Lemire retorna para o presente para então revisitar outras épocas do passado de Lou e Vince, aos poucos construindo uma bela, mas ao mesmo tempo angustiante narrativa de amor encontrado e perdido, de família unida e separada, de vidas consumidas pela dor. Se Contos da Fazenda foca no amadurecimento de um menino, Histórias de Fantasmas usa o fim de uma vida para estudar o auge dela, criando a percepção exata de finitude e da importância de decisões que tomamos ao longo das décadas e as consequências que elas acabam trazendo.

Por fim, Enfermeira do Interior encerra a “saga” do Condado de Essex focando justamente na enfermeira que ganha destaque antes como a cuidadora de um Lou velho e fragilizado. Nela, a narrativa retorna ainda mais no tempo, para 1917 e também para o período em que Contos da Fazenda se passa e também ao de Histórias de Fantasmas, com a narrativa servindo de cola unificadora de tudo o que veio antes. Das três, essa terceira é, talvez, a única delas que não fica completamente de pé de maneira isolada, pois é evidente que Lemire a criou justamente como sua maneira de criar o entrelaçamento final de seu épico pessoal. Mas isso de forma alguma detrai da experiência, pois a história é, ao mesmo tempo, o começo e o fim de tudo que o autor  expõe, criando um arco narrativo amplo e umbilicalmente conectado ao longo de quase 100 anos de história. Os dois contos finais, O Clube de Boxe do Condado de Essex e A Triste e Solitária Vida de Eddie Orelhas de Elefante tratam de histórias no mesmo lugar, mas sem o tipo de conexão que as três principais têm, servindo muito mais de detalhamento do universo rural criado por Lemire com base em suas memórias e desejos de criança.

Condado de Essex é um autor encontrando equilíbrio. Ele sai de sua pegada sombria em Ashtray e em Cães Perdidos, ambas autopublicadas, e consegue fazer da luz e da sombra grandes parceiras que refletem a vida como ela é, repleta de altos e baixos, de alegrias e tristezas, de amor e de arrependimento. Mais do que isso ainda, essa graphic novel marca o momento em que Jeff Lemire dá forma final à sua voz, em que ele mostra para si mesmo e para o mundo que ele tem absoluto domínio de sua técnica e que ele tem muita coisa a dizer. Condado de Essex é uma daquelas obras-primas de começo de carreira que se tornam a base para tudo, absolutamente tudo que viria a seguir.

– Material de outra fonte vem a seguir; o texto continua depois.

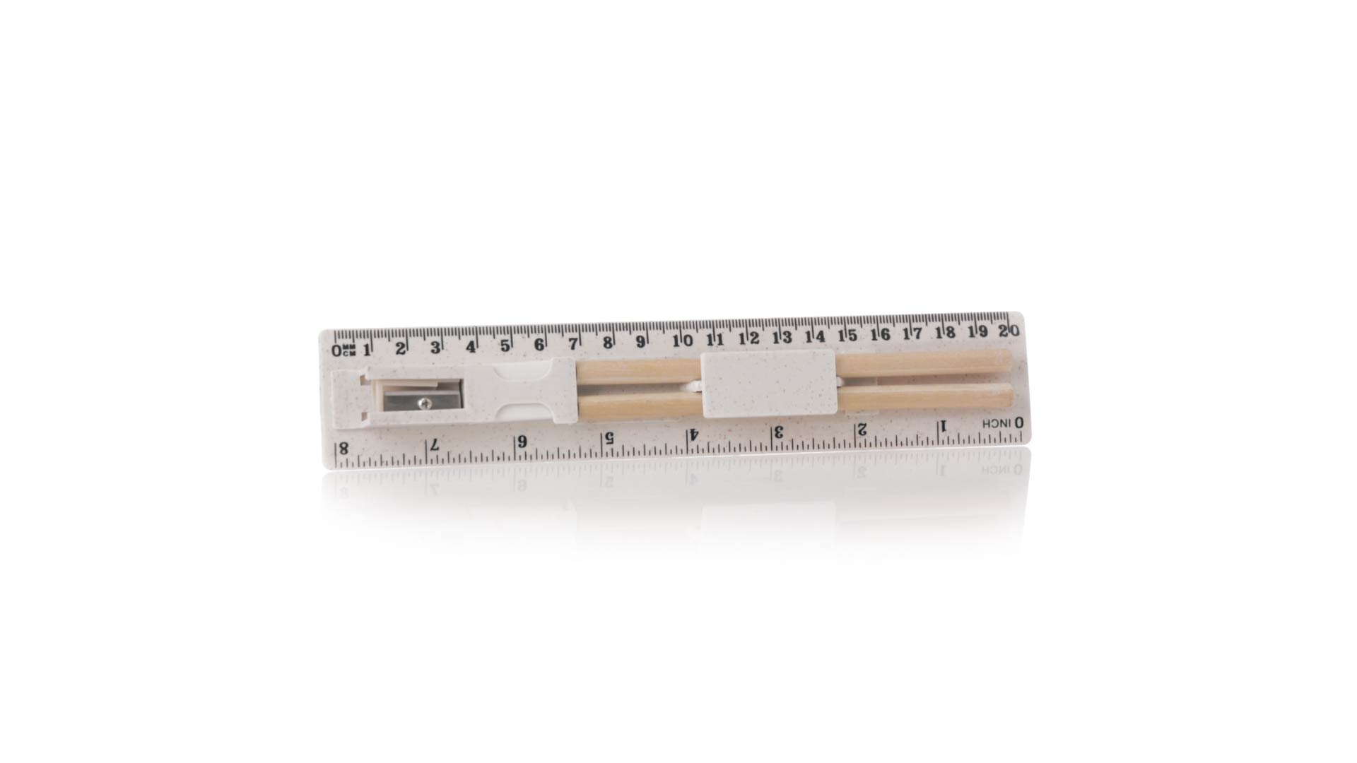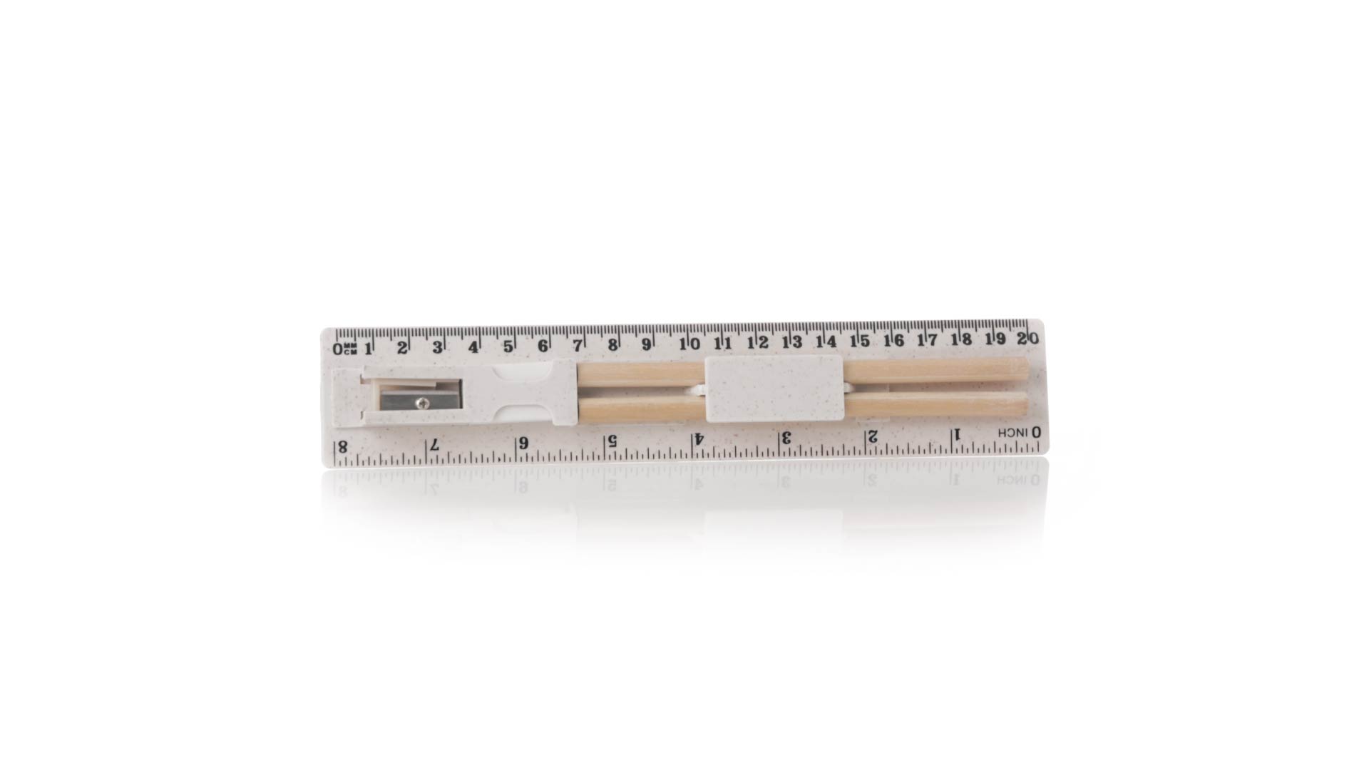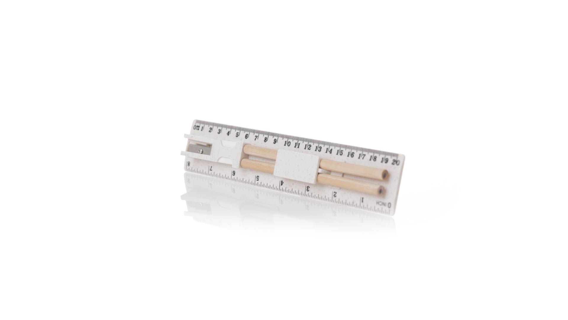 5-teiliges Set aus Weizenstroh. Inklusive 2 Holzstifte mit schwarzer Mine und weissem zylindrischen Körper; Radiergummi, und Spitzer. Präsentiert in einem Etui mit Lineal von 20 cm/8 Zoll, mit Fächern für die verschiedenen Elemente des Sets. Einzeln verpackt in einer weissen Papiertüte.Weizenstroh fördert die Verwendung von natürlichen Rohstoffen und reduziert so den Schadstoffausstoss.
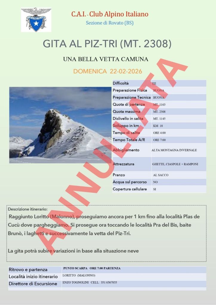 La gita è stata annullata per condizioni meteo e ambientali da valutare, e sono in corso ipotesi per altre alternative. Ultimo aggiornamento 14/02/2026
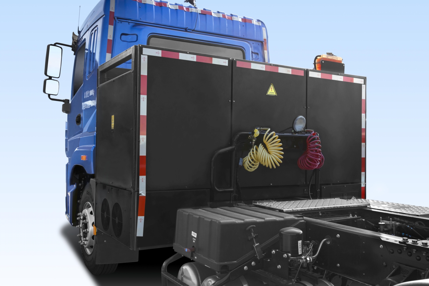 改傳統(tǒng)充電模式為快捷換電模式,節(jié)省90%以上充電時(shí)間,可充可換,靈活便利,可實(shí)現(xiàn)5分鐘快速換電。針對(duì)港口場(chǎng)景,采用馬鞍型后背電池包設(shè)計(jì),降低電池高度,使后窗露出,拓寬視野,可直接觀察集裝箱裝卸操作,提高了便利性和安全性。
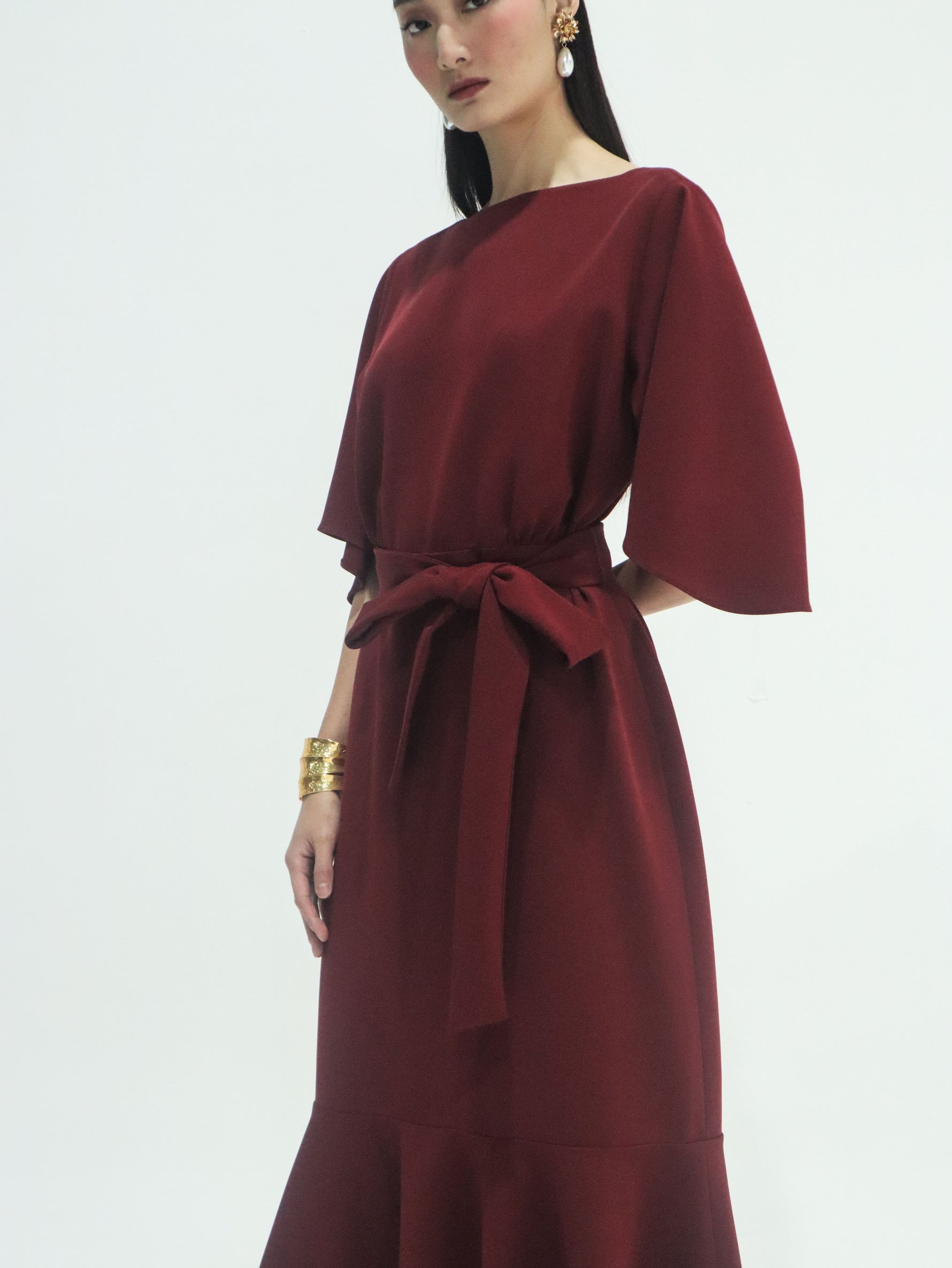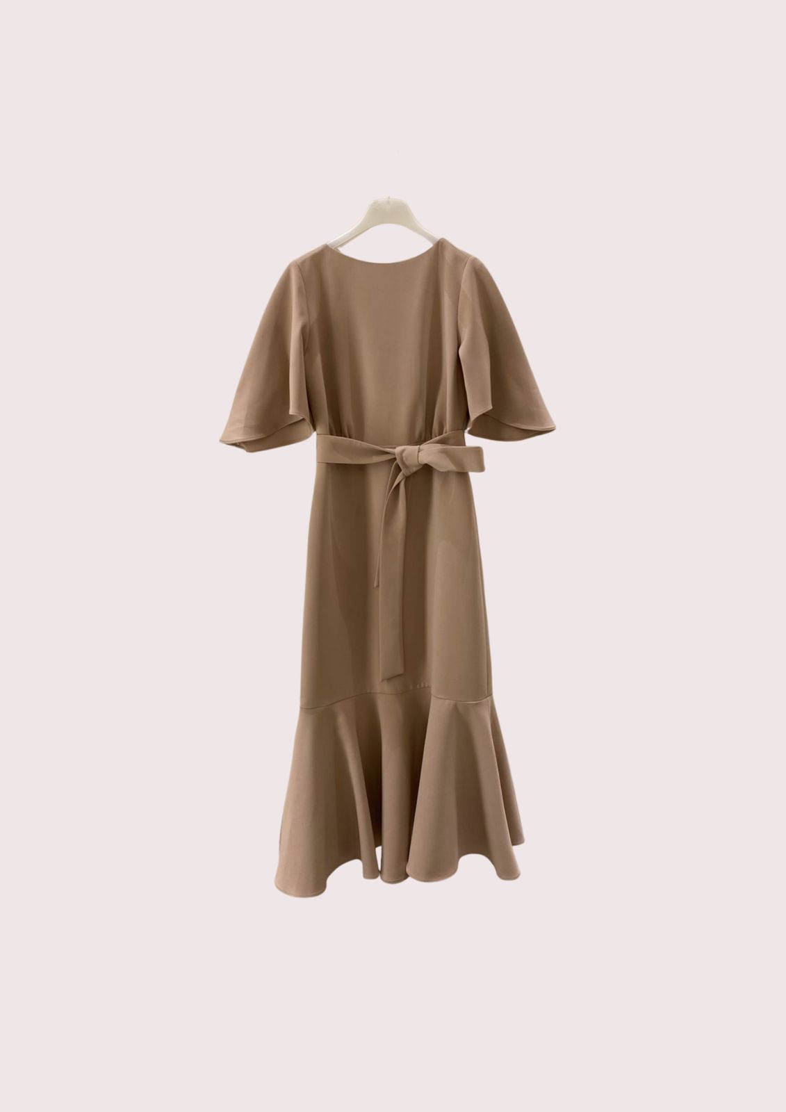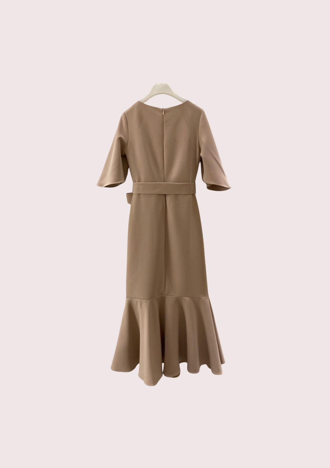 Unit price perThe Gabriella Suiting Dress is a refined piece designed for elegant evening occasions. It features a clean round neckline, soft flutter sleeves that fall just below the elbows, and a removable waist sash for subtle shaping. The skirt finishes with a flounced hem, adding gentle movement and a polished touch to its sleek silhouette.
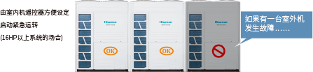 在超過(guò)16HP的系統(tǒng)中,如果一臺(tái)室外機(jī)發(fā)生故障,其余室外機(jī)也能進(jìn)行緊急運(yùn)轉(zhuǎn)。如果是三模塊以上的機(jī)型,一臺(tái)故障,另外兩臺(tái)仍能實(shí)現(xiàn)輪換運(yùn)轉(zhuǎn)
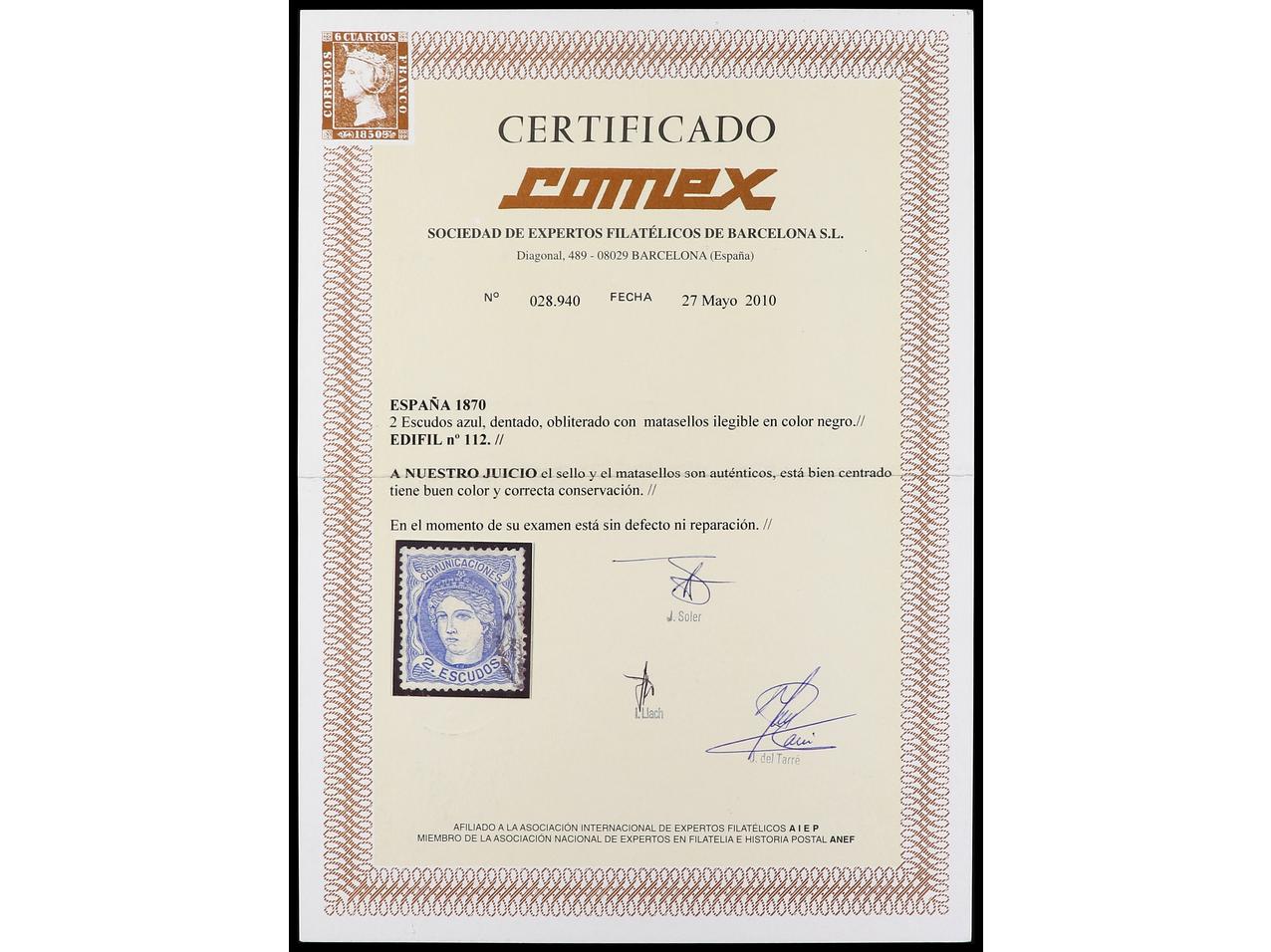 ESPAÑA. 2 Esc. azul. MAGNÍFICO EJEMPLAR. Cert. COMEX. Ed.112. Cat. 530€. (Image1) (Image2)
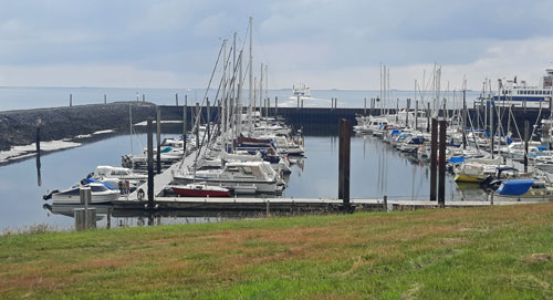 Es gibt hier regen Fährverkehr. Mit der Begegnung von Fähren muss deshalb gerechnet werden. Sie legen links der Hafeneinfahrt an.
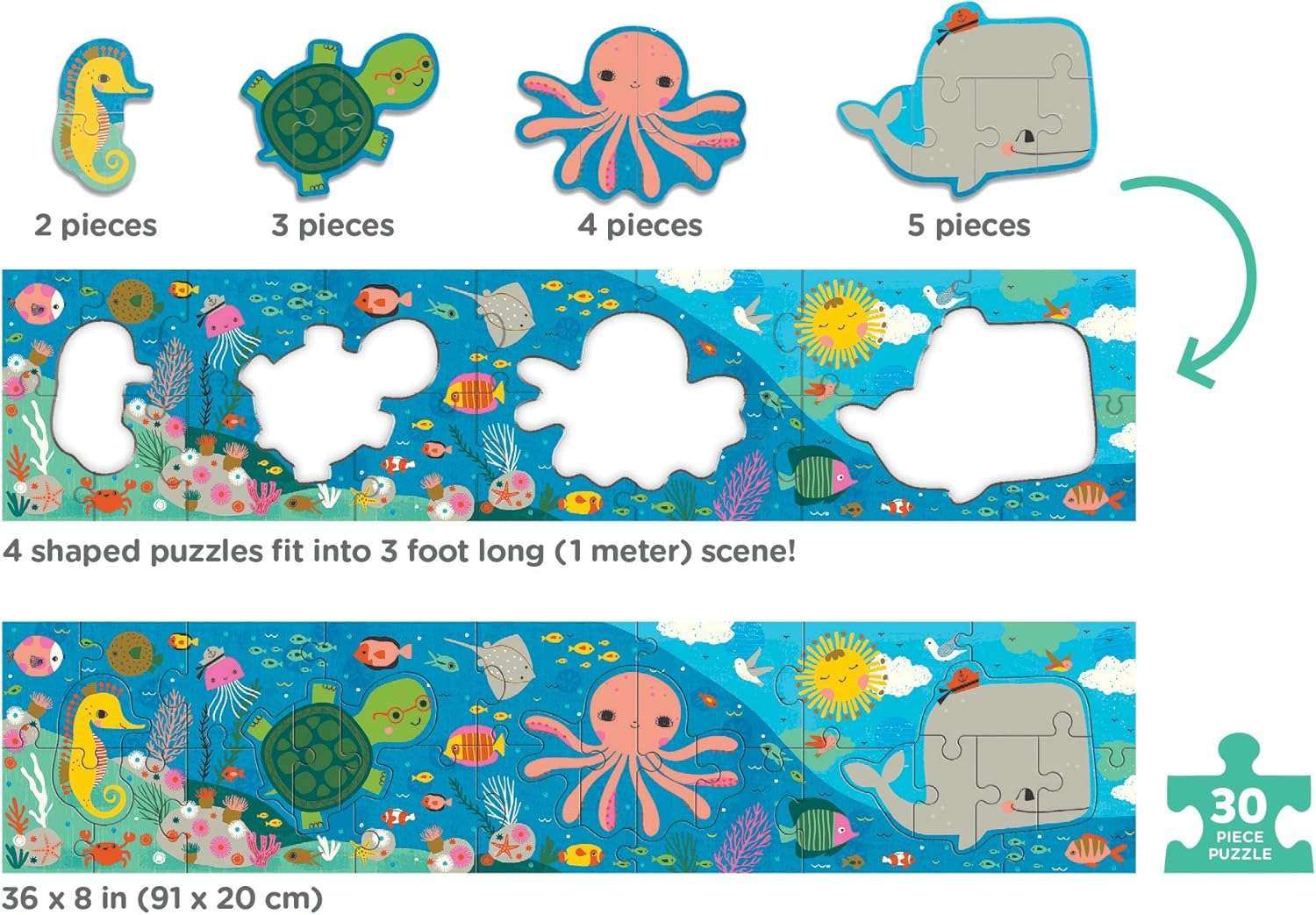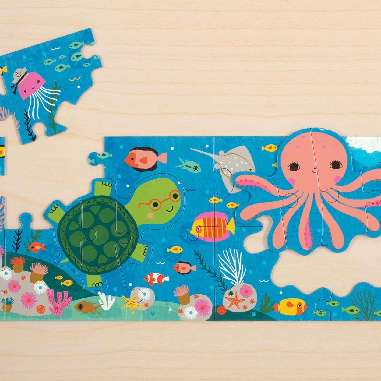 - 30-PIECE PUZZLE: The 20-piece Under the Sea My Very Long Puzzle is perfect for children ages 3 and older. The big pieces are extra thick and sturdy and the finished puzzle measures 36″ x 8″ — a full 3 feet long!
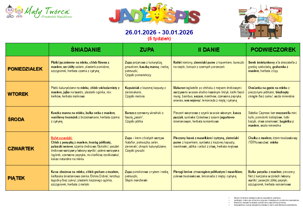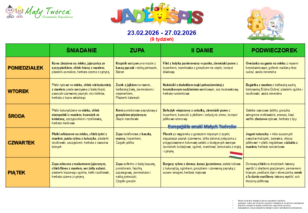 Pliki do pobrania Rozkłada zajęć Grupa 1 Pobierz Grupa 2 Pobierz Grupa 3 Pobierz Grupa 4 Pobierz Grupa 5 Pobierz JADŁOSPIS UMOWA ROK SZKOLNY 2025/2026 STANDARDY OCHRONY MAŁOLETNICH Pobierz Pobierz Pobierz
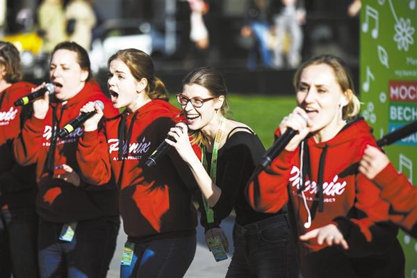 5月4日,在俄罗斯首都莫斯科,表演者们在莫斯科春天阿卡贝拉(无伴奏合唱)音乐节演唱。新华社发
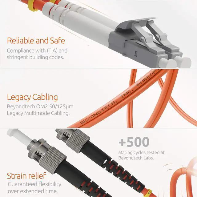 OM2 Network Optimization: Designed for multimode fiber networks, this laser-optimized OM2 multimode fiber LC to ST cable ensures consistent, efficient connectivity for high-demand telecom, enterprise, and commercial network infrastructures.
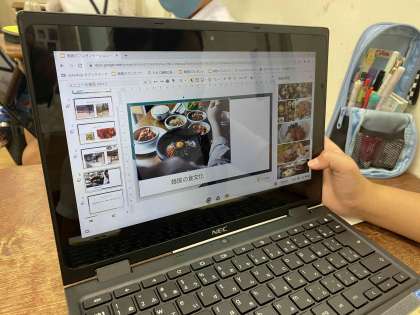 学習発表会でパワーポイントを作りますが、今日はその練習として、自分が調べたいもので作成する練習を行いました。なかなか上手に完成しました。

Condado de Essex (Essex County  – EUA, 2007 a 2011)
Contendo: Tales From the Farm, Ghost Stories, Essex County Boxing Club, The Country Nurse e The Sad and Lonely Life of Eddie Elephant-Ears
Roteiro: Jeff Lemire
Arte: Jeff Lemire
Editoria: Chris Staros
Editora original: Top Shelf Productions
Datas originais de publicação: Tales From the Farm (07 de março de 2007), Ghost Stories (10 de outubro de 2007), Essex County Boxing Club (2008), The Country Nurse (14 de janeiro de 2009) e The Sad and Lonely Life of Eddie Elephant-Ears (2011); 2009 (encadernado sem a última história); 2011 (encadernado completo – versão lida para a presente crítica)
Editora no Brasil: Editora Mino
Data de publicação no Brasil (encadernado completo): agosto de 2017
Tradução: Dandara Palankof
Páginas: 516



[Fonte Original]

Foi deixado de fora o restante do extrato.